Thursday, August 5, 2010

Handcrafted Food - Another generation gap?


This week, August 1st through the 7th is apparently National Farmers Market week. As frequenter of farmer's markets wherever I travel around the country, I am a happy celebrant, and am equally happy to have read the USDA's recently released report that the new number of farmer's markets in the U.S. has grown to 6,132 from 5,274 last year! California leads the way with 580, and Wisconsin has grown to 204! I love that the enthusiasm and apparent demand for fresh, local food is growing in this country, and hope that somehow this will eventually lead to better produce being delivered to the likes of Safeway and Walmart.

That being said, there is no doubt that these wonderful farmer's markets cater to those who can afford them. When that perfect peach can cost upwards of $1.50, and that heirloom tomato perhaps even more than that, it is a select audience that can try these glorious foods. And this is not so different from what goes on in the art and craft world, where there is a similar hunger for quality and disparity in spending ability leading to a generation gap in experience.

However, just as the Renegade Market is to the American Craft Council, so is there now an Underground Food Market to the Ferry Building farmer's market in San Francisco. Grittier, sometimes grungier, smaller, more experimental and, oh yes, less expensive, the Underground Food Market offers a place for small makers of artisanal food to sell their wares to the public. Often produced in their kitchens or grown in their backyards, these foods are the creative results of individuals passionate about food but unwilling, unwanting, or unable to develop a full-time business from them. The market is kind of an Etsy-like marketplace for food, and the attendees of the market look, not surprisingly, more like the attendees at the Renegade Fair and less like those at the Marin and Ferry Building markets.

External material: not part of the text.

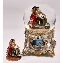 Kar Küresi Antik Klasik Büyük 120 Mm El Boyaması,müzikli Kendinden Üflemeli, Vespalı Sevgili Çift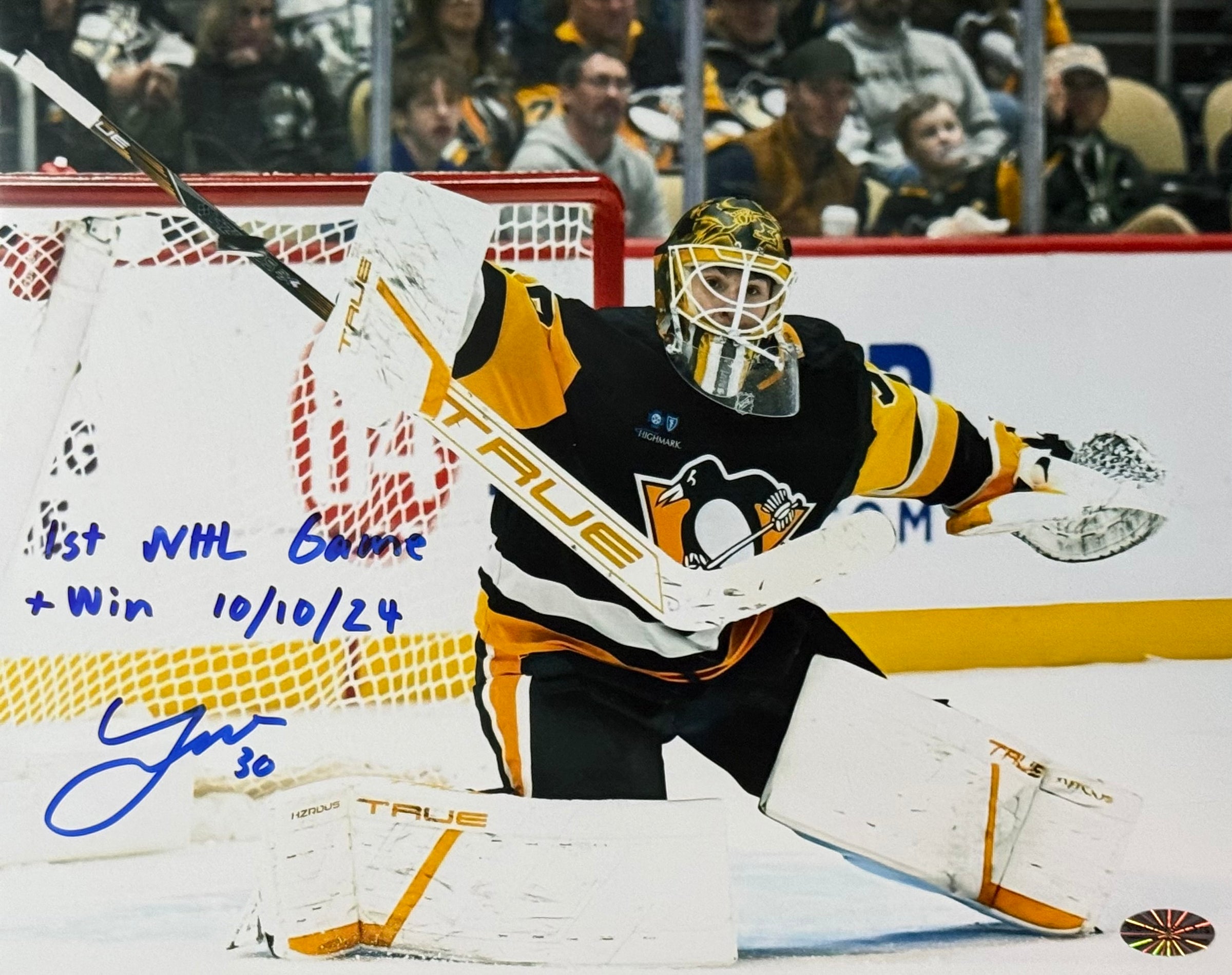 Joel Blomqvist Signed, Inscribed "1st NHL Game + Win 10/10/24" 8x10 Photo

Happily, there is room for both, for Humphry Slocombe ice cream in San Francisco with its long lines and for the young lawyer at the Underground Market proffering her small quantities of coconut-saffron ice cream. And maybe, just maybe, it will all affect what is found on the shelves of supermarkets for a future generation, which is, after all, the great by-product of a generation gap.

1 comment:

  1. Brilliant, as usual, and wonderfully relevant to our newest passion here in the outback of the southeast. The old flea market (huge and eclectic, everything from tube socks to antiques to truckloads of vidalia onions, cheap)competes with the chic farmers markets (organic and hyper-conscious at yuppie prices). We're chewing on what hybrid might convene both in one spot. Oil and water?